Some of the players had training the day after they got back with various League1 teams, while almost all of them had to return to their jobs. “It’s like nothing happened,” Kovacevic says with a laugh.

But what did happen was another demonstration of just how much footballing talent is present across the country.  “It just goes to show our country is just filled with potential, so many hidden gems,” said Kovacevic.


He says there is still work to be done on establishing a system and pyramid that allows those players to rise quickly to the top, however. For example, Kovacevic was good friends with Niko Sigur back in Vancouver, helping him to join the York University team. While at York, Sigur was able to secure a contract with Croatian top-division side Hajduk Split, where he became a first-team player. He was recently announced as a member of the Croatian team for the U-21 Euros.

“We need to stop waiting for Niko Sigur to go to Croatia, and the Croatians to tell us he’s a good player,” said Kovacevic.

While building the sporting infrastructure within this country is a work in progress, more than ever, when given the chance, Canadians are proving their quality on the world stage. ”

This tournament gave a unique opportunity for some young kids from Toronto to go match up against some legends of the game and say for themselves, ‘Yeah, I am good enough’,” said Kovecevic.
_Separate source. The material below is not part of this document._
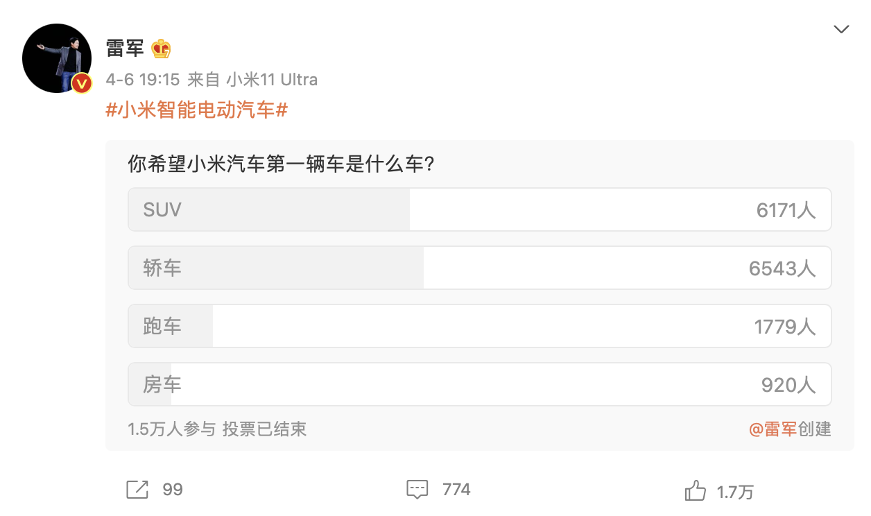 4月6日,雷軍在微博發布投票,向網友征集“小米汽車第一輛車大約是什么價錢、第一輛車是什么車”時,其中價格越高投票人數越少,而在車型方面,SUV、轎車兩個選項基本持平,并大幅領先跑車、房車選項。
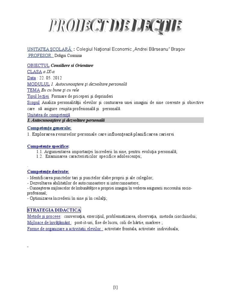 Prima pagină învăţământ primar consiliere si orientare lecţii dezvoltare personala eu si ceilalti. Elena buric colegiul dobrogean spiru haret tulcea. Materiale didactice pentru clasa întâi dezvoltare personală. Proiect didactic consiliere și dezvoltare personală clasa.

Planning has already started for next year, with the hope that the team gets invited back. First on the list: finding more permanent sponsorship. Going into this year’s TST, SLC FC couldn’t even find a shirt sponsor, with Kovacevic ultimately putting his medical app on the front of the jerseys. But as this tournament, and tournaments like this, continue to grow in popularity and exposure, he believes his team might have got in at the ground floor.

“I think we might have gotten in and had a run in the right place, at the right time,” he said.

“If we can kind of grow this SLC FC thing that we started, we might be in for a fun ride as this thing grows.”